#### [Data]
□ □ □ □ □

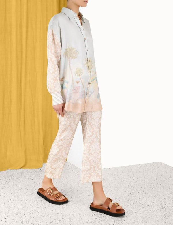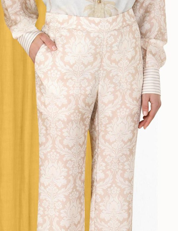 The Sensory Kick Flare in Beige Damask from our Fall 2023 Collection, Luminosity. A silk twill pant featuring a damask print and an elasticated back waist.
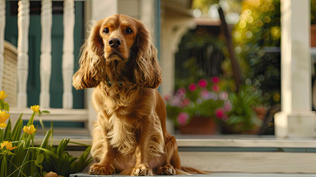 A friendly Cocker Spaniel with its fluffy ears and wagging tail, sitting on a porch.
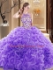 Sexy Lavender Organza Backless Vestidos de Quinceanera Sleeveless Brush Train Embroidery and Ruffles
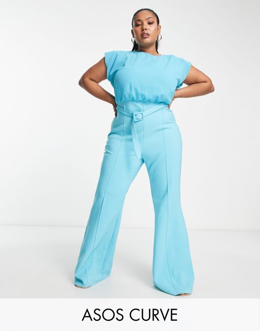 ASOS DESIGN Curve - Tuta jumpsuit in chiffon con top e pantaloni a zampa turchese con cintura

□ □ □ □ □

The answer must be the lines above, word for word, from the first one through the line with "A friendly Cocker", pictures excluded.

 The Sensory Kick Flare in Beige Damask from our Fall 2023 Collection, Luminosity. A silk twill pant featuring a damask print and an elasticated back waist.
 A friendly Cocker Spaniel with its fluffy ears and wagging tail, sitting on a porch.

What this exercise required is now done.